Nel 2008, dopo soli tre anni dalla sua
approvazione, il BiDil, il primo farmaco anti-ipertensivo la cui
efficacia è stata dimostrata solo all'interno della popolazione
afroamericana, è stato dichiarato fuori commercio dalla Nitromed, la
casa farmaceutica che l'aveva prodotto. Quando nel 2005 la Food and Drug
Administration (l'ente statunitense che si occupa della
regolamentazione dei prodotti alimentari e farmaceutici) aveva
approvato il BiDil, la comunità scientifica si era divisa tra
scettici ed entusiasti. Non c'è niente che faccia storcere il naso a
scienziati e non come il concetto di razza nella nostra specie.
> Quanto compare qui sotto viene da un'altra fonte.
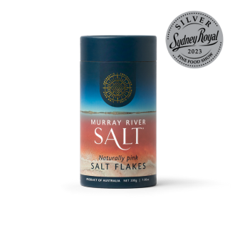 Murray River Gourmet Salt Flakes are produced from ancient saline waters sourced from underground aquifers in Australia’s Murray Darling Basin region. By intercepting these underground aquifers, which would otherwise enter the Murray River, we are contributing to the effort in combatting Australia’s inland salinity problem. The ancient saline water contains naturally occurring minerals such as magnesium, calcium, potassium and iodine which are beneficial in our diet. These minerals are attributed to creating a stunning pink hued salt flake that is subtle in flavour and delicate in texture. This cannister is a perfect gift to take to your next dinner party instead of flowers.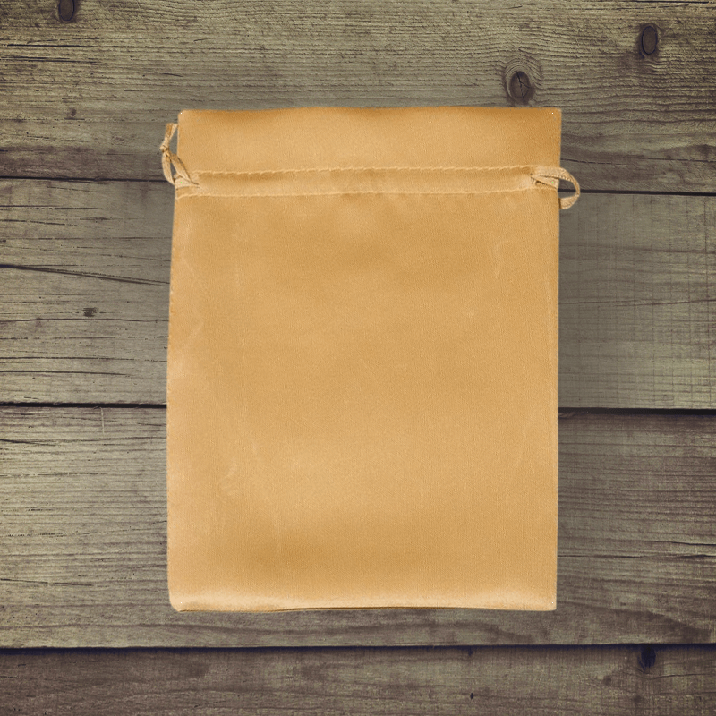 Pakke med 5 dekorative satinposer i guld, der måler 15 x 20 cm.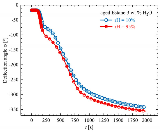 To prove whether the diffusion of water molecules out of the specimen is the reason for this observation, we performed further SM cycles under different environmental conditions; in particular, the humidity in the environmental chamber (cf. Section 2.4) was adjusted and controlled to be around 95%. This was done to minimize the concentration gradients of the system and to reduce the probability of dehydration of the samples during programming and through recovery. It is worth noting that in all previous experiments, the humidity of the chamber was set to be 10% during the whole shape-creation and recovery process. Figure 12 shows the averaged temporal development of the deflection angles of the programmed hydrolytically (physically) aged Estane during recovery under the two different physiological conditions.

Non
c'è da stupirsi, quindi, se l'arrivo sul mercato del primo farmaco
definito "etnico-selettivo" abbia sollevato perplessità
scientifiche e socioculturali. La cartina tornasole è stata il basso
indice di vendita del BiDil che alla fine ha costretto la Nitromed a
sospenderne il commercio. Oggi la Nitromed è stata acquisita dalla
Deerfield e la vendita del BiDil è ripresa, seppure con bassi
guadagni. Un farmaco sul cui bugiardino compaia
la parola razza provoca necessariamente qualche resistenza e il
BiDil, infatti, non è stato visto di buon occhio né dai medici né
dai pazienti. Il contraccolpo si è fatto sentire
anche nel copione di un noto serial americano. Il medico più cinico
di tutti i tempi, Dr. House, si è trovato infatti a fare i conti con
un paziente afroamericano cardiopatico che ha rifiutato di prendere
il farmaco più adatto a lui definendolo "un farmaco razzista".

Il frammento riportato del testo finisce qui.